If you implemented `paired_means` correctly, you'll see that `observed_std` is `0.012332120255100665`. This is the **standard deviation** of the 12 paired means that Brahe computed (i.e. the standard deviation of the bottom 12 numbers in the right column of [this image](#chart)).

Below, we define a function that takes in a DataFrame, calls your `paired_means` function on the DataFrame to get an array of paired means, and returns the standard deviation of those paired means.

In [None]:
def spread_paired_means(df):
    return np.std(paired_means(df))

### Question 3.3

Let's run a simulation to test the following hypotheses:

- **Null Hypothesis:** Tycho Brahe paired the 24 observations into 12 groups at random, and any deviations from this are due to chance alone.

- **Alternative Hypothesis:** Tycho Brahe paired the 24 observations into 12 groups in a way that kept the spread of the paired means small.

To do this, we'll repeatedly
- shuffle the `brahe` DataFrame,
- call `spread_paired_means` on the shuffled DataFrame, and
- keep track of the resulting standard deviations.

By shuffling the `brahe` DataFrame and calling `spread_paired_means`, we are **randomly** grouping the 24 points into 12 pairs, computing their pairwise means (giving us 12 values), and computing the standard deviation of the pairwise means (i.e. a **test statistic**). By following this process, we will end up with an array of many values, each corresponding to the standard deviation of one set of 12 paired means. We can then see where `observed_std` lies in this distribution.

<b style='color:red'>Your Job:</b> Complete the code below to conduct the simulation. By the end of this cell, `stds` should be an array of **10000** standard deviations, as described above. In your PDF writeup, include a screenshot of both the code you write and the plot that appears at the bottom of your notebook.

**_Hint:_** This is a standard DSC 10 question; refer to the textbook if it feels unfamiliar. To shuffle a DataFrame `df`, use `df.sample(n)`, where `n` is the length of the DataFrame.

In [None]:
stds = ...
stds

After you've completed the cell above, run the following cell to see a histogram of your simulated standard deviations, along with a red line at `observed_std`, the standard deviation of the means of Brahe's choice of pairs.

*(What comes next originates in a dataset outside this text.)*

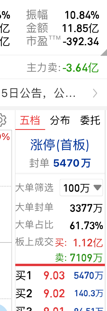 $远东股份(SH600869)$ 主力在板上卖了不少,散户接盘.

Make sure to include this in your PDF writeup.

In [None]:
plt.figure(figsize=(10, 5))
plt.hist(stds, density=True, ec='w', bins=np.arange(0, 0.35, 0.01))
plt.axvline(x=observed_std, color='red');

If you completed all steps correctly, you'll notice that the null hypothesis – that Brahe selected his pairs at random – does not seem consistent with our simulated standard deviations, which were computed by selecting pairs at random. 

It seems like there must have been some reason he selected the pairs he did!